I'll be attending a meeting at the University of Utah in August, staying at the University Guest House. I plan on bringing my bike and was looking for some scenic, safe rides that weren't too long. Would a ride up Emigration Canyon Road fit the bill?

Dancer


----------



## kgg (Apr 28, 2003)

That is a very popular route around here. From the Guest House it'll be about 19 miles round trip, with about 1400 feet of climbing. It's not very scenic until you reach the turnaround at the top of the canyon - then the views are very nice. You can also keep going if you want a longer ride (continue down, and turn left for Big Mt. Pass, another 1700 feet up, or so.) 

It's not a superwide road, though there is a bike lane for some of it. However, drivers are generally used to seeing cyclists. Depending on the time and day you may see a half dozen other cyclists, or several dozen.

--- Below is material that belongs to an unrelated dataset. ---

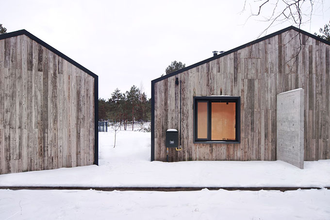 From the architects: A small private house is located in a picturesque place about 30 km from Riga. The land plot is on the boarder of the forest and is located near the Gulf of Riga. A separate position of the buildings (house and garage) on the site is due to the fact that they were erected on the previously existing foundations. The buildings are connected by a terrace.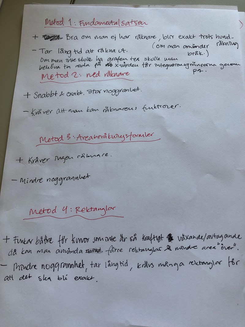 Jag har en uppgift då jag ska fundera kring när vilken metod kan vara bäst lämpad att använda sig av för att beräkna en integral. De olika metoderna är:

If you have a mountain bike, I'd opt for that instead. The Bonneville Shoreline Trail is about 3 minutes from your door, and it's extremely scenic. It takes you above the city and you can look over the valley to the South, out over the Lake to the West, and at the Wasatch to the East. I often see critters - most often snakes, sometimes Tarantulas, deer, or an occasional coyote.


----------



## Dancer (Dec 8, 2004)

Thank you!

Dancer



kgg said:


> That is a very popular route around here. From the Guest House it'll be about 19 miles round trip, with about 1400 feet of climbing. It's not very scenic until you reach the turnaround at the top of the canyon - then the views are very nice. You can also keep going if you want a longer ride (continue down, and turn left for Big Mt. Pass, another 1700 feet up, or so.)
> 
> It's not a superwide road, though there is a bike lane for some of it. However, drivers are generally used to seeing cyclists. Depending on the time and day you may see a half dozen other cyclists, or several dozen.
> 
> If you have a mountain bike, I'd opt for that instead. The Bonneville Shoreline Trail is about 3 minutes from your door, and it's extremely scenic. It takes you above the city and you can look over the valley to the South, out over the Lake to the West, and at the Wasatch to the East. I often see critters - most often snakes, sometimes Tarantulas, deer, or an occasional coyote.


----------



## cbass94 (May 19, 2004)

I'll just add my two cents into what has already been said. If you only have time for one ride, Emigration and the Boneville Shoreline trail are your best bets for road and mtn respectively. However, they just started some construction on Emigration canyon road which is kind of a pain. It's nothing major yet but I don't know what they have planned or when it will wrap up. If you still want a nice road ride without the construction, Millcreek canyon is a nice ride also. It's about 5 miles south of Emigration canyon so it's a little further away, but offers great views. IIRC, it's just under 10 miles to the top from the bottom, but it's a pretty steep climb most of the way until the last 2 miles, then it drops downhill to the end of the road. Anyway, here's my website that I am actually in the process of putting together right now. It has some good info on it about the area, post if you have questions! or you can email me 

bradleeduncan AT gmail DOT com 

www.intermountaincycling.com

Also, you said you didn't want something too long, the boneville shoreline trail turns into pavement on the south side of Emigration Canyon road (but before you enter the canyon itself) and it just follows the edge of the valley (rolling hills is all you have to worry about) for almost as long as you want to take it. That gets rid of any hard climbing but still lets you have the views. Just another option. 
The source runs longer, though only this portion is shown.